TASK ITEM: Reproduce each entry exactly, so that everything except the pictures is carried over.

RECORD EXCERPTS:
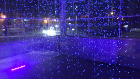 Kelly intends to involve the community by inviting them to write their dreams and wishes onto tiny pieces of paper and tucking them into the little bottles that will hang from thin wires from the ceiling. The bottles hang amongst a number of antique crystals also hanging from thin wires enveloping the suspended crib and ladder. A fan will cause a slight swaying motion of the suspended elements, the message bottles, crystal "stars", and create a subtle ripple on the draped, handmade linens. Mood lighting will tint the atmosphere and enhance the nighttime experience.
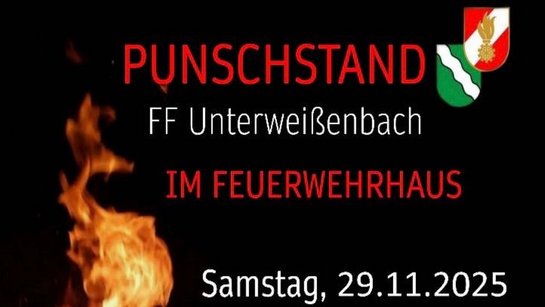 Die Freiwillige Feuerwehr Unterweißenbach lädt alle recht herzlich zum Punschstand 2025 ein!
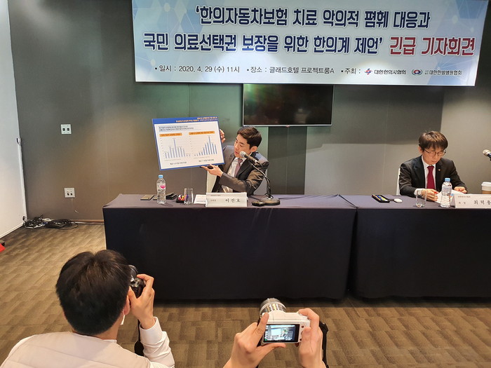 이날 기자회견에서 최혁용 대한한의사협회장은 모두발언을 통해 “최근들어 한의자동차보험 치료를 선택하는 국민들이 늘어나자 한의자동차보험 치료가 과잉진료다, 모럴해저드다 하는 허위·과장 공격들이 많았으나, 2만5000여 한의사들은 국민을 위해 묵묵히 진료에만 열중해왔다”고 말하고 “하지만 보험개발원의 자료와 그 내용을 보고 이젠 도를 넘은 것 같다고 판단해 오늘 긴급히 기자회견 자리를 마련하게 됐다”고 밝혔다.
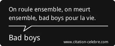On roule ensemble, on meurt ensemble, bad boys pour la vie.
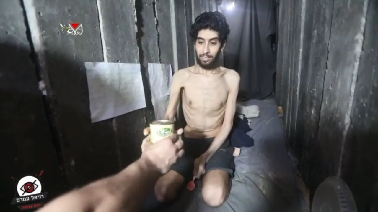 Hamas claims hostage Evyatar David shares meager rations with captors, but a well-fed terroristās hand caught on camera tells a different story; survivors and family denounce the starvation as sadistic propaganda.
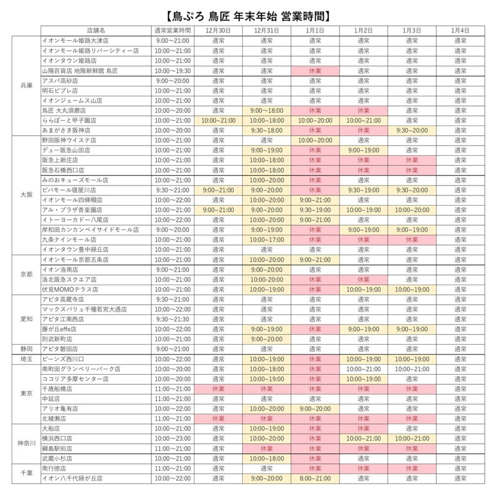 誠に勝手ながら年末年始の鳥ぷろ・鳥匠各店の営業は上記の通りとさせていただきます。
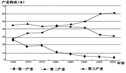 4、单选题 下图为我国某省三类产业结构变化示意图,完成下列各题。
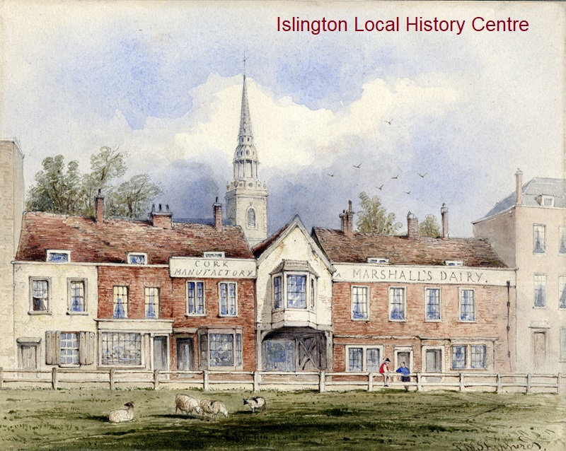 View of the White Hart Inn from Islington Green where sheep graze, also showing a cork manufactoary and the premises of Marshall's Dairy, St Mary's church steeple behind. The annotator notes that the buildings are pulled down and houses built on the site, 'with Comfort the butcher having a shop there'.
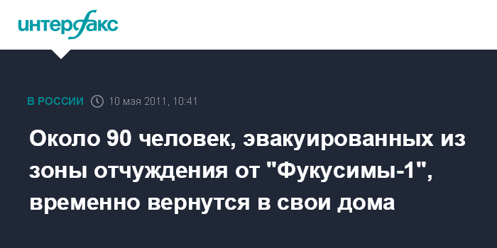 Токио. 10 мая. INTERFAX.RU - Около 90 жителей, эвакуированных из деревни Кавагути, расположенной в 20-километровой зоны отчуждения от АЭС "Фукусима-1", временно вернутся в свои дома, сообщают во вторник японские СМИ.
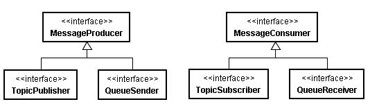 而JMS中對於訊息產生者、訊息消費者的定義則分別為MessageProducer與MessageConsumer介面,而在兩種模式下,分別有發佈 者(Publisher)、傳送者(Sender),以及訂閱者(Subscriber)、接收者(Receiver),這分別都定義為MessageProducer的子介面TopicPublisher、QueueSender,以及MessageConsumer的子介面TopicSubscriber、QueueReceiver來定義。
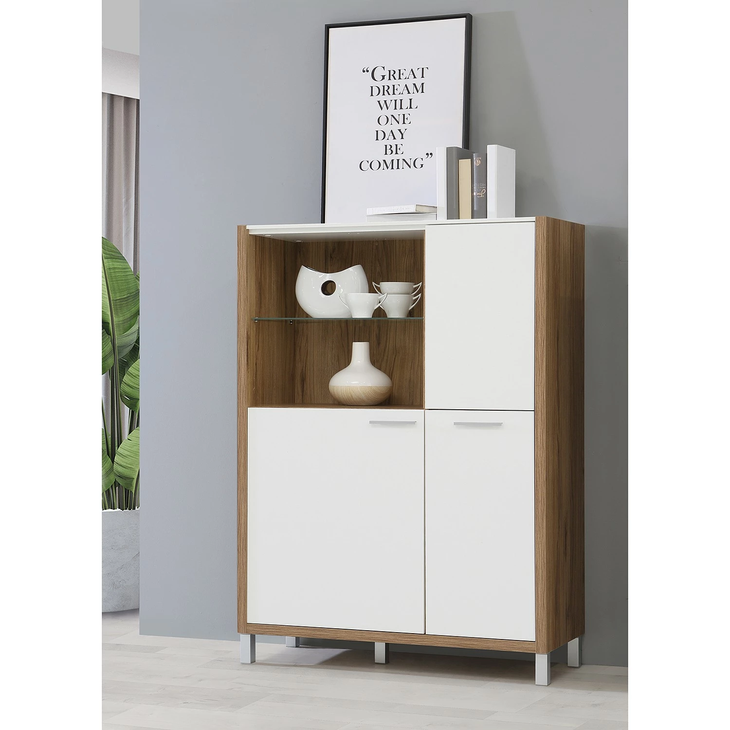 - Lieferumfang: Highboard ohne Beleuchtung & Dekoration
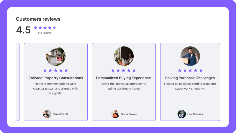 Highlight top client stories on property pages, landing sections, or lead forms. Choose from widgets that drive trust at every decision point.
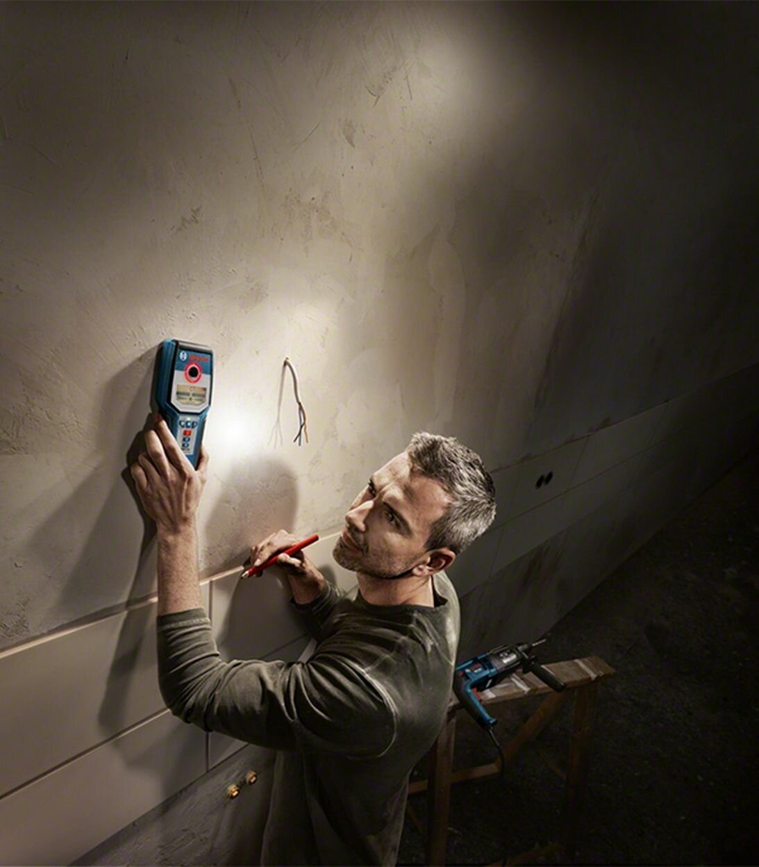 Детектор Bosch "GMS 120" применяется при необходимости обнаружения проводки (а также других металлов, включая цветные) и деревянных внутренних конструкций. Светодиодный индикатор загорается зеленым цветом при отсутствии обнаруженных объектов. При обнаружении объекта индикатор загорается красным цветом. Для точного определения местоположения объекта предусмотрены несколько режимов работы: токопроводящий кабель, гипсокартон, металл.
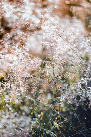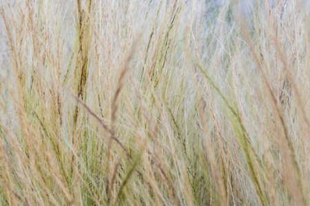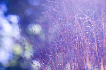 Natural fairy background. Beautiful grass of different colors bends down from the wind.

REPLY TO THE EXERCISE:
 Kelly intends to involve the community by inviting them to write their dreams and wishes onto tiny pieces of paper and tucking them into the little bottles that will hang from thin wires from the ceiling. The bottles hang amongst a number of antique crystals also hanging from thin wires enveloping the suspended crib and ladder. A fan will cause a slight swaying motion of the suspended elements, the message bottles, crystal "stars", and create a subtle ripple on the draped, handmade linens. Mood lighting will tint the atmosphere and enhance the nighttime experience.
 Die Freiwillige Feuerwehr Unterweißenbach lädt alle recht herzlich zum Punschstand 2025 ein!
 이날 기자회견에서 최혁용 대한한의사협회장은 모두발언을 통해 “최근들어 한의자동차보험 치료를 선택하는 국민들이 늘어나자 한의자동차보험 치료가 과잉진료다, 모럴해저드다 하는 허위·과장 공격들이 많았으나, 2만5000여 한의사들은 국민을 위해 묵묵히 진료에만 열중해왔다”고 말하고 “하지만 보험개발원의 자료와 그 내용을 보고 이젠 도를 넘은 것 같다고 판단해 오늘 긴급히 기자회견 자리를 마련하게 됐다”고 밝혔다.
On roule ensemble, on meurt ensemble, bad boys pour la vie.
 Hamas claims hostage Evyatar David shares meager rations with captors, but a well-fed terroristās hand caught on camera tells a different story; survivors and family denounce the starvation as sadistic propaganda.
 誠に勝手ながら年末年始の鳥ぷろ・鳥匠各店の営業は上記の通りとさせていただきます。
 4、单选题 下图为我国某省三类产业结构变化示意图,完成下列各题。
 View of the White Hart Inn from Islington Green where sheep graze, also showing a cork manufactoary and the premises of Marshall's Dairy, St Mary's church steeple behind. The annotator notes that the buildings are pulled down and houses built on the site, 'with Comfort the butcher having a shop there'.
 Токио. 10 мая. INTERFAX.RU - Около 90 жителей, эвакуированных из деревни Кавагути, расположенной в 20-километровой зоны отчуждения от АЭС "Фукусима-1", временно вернутся в свои дома, сообщают во вторник японские СМИ.
 而JMS中對於訊息產生者、訊息消費者的定義則分別為MessageProducer與MessageConsumer介面,而在兩種模式下,分別有發佈 者(Publisher)、傳送者(Sender),以及訂閱者(Subscriber)、接收者(Receiver),這分別都定義為MessageProducer的子介面TopicPublisher、QueueSender,以及MessageConsumer的子介面TopicSubscriber、QueueReceiver來定義。
 - Lieferumfang: Highboard ohne Beleuchtung & Dekoration
 Highlight top client stories on property pages, landing sections, or lead forms. Choose from widgets that drive trust at every decision point.
 Детектор Bosch "GMS 120" применяется при необходимости обнаружения проводки (а также других металлов, включая цветные) и деревянных внутренних конструкций. Светодиодный индикатор загорается зеленым цветом при отсутствии обнаруженных объектов. При обнаружении объекта индикатор загорается красным цветом. Для точного определения местоположения объекта предусмотрены несколько режимов работы: токопроводящий кабель, гипсокартон, металл.
 Natural fairy background. Beautiful grass of different colors bends down from the wind.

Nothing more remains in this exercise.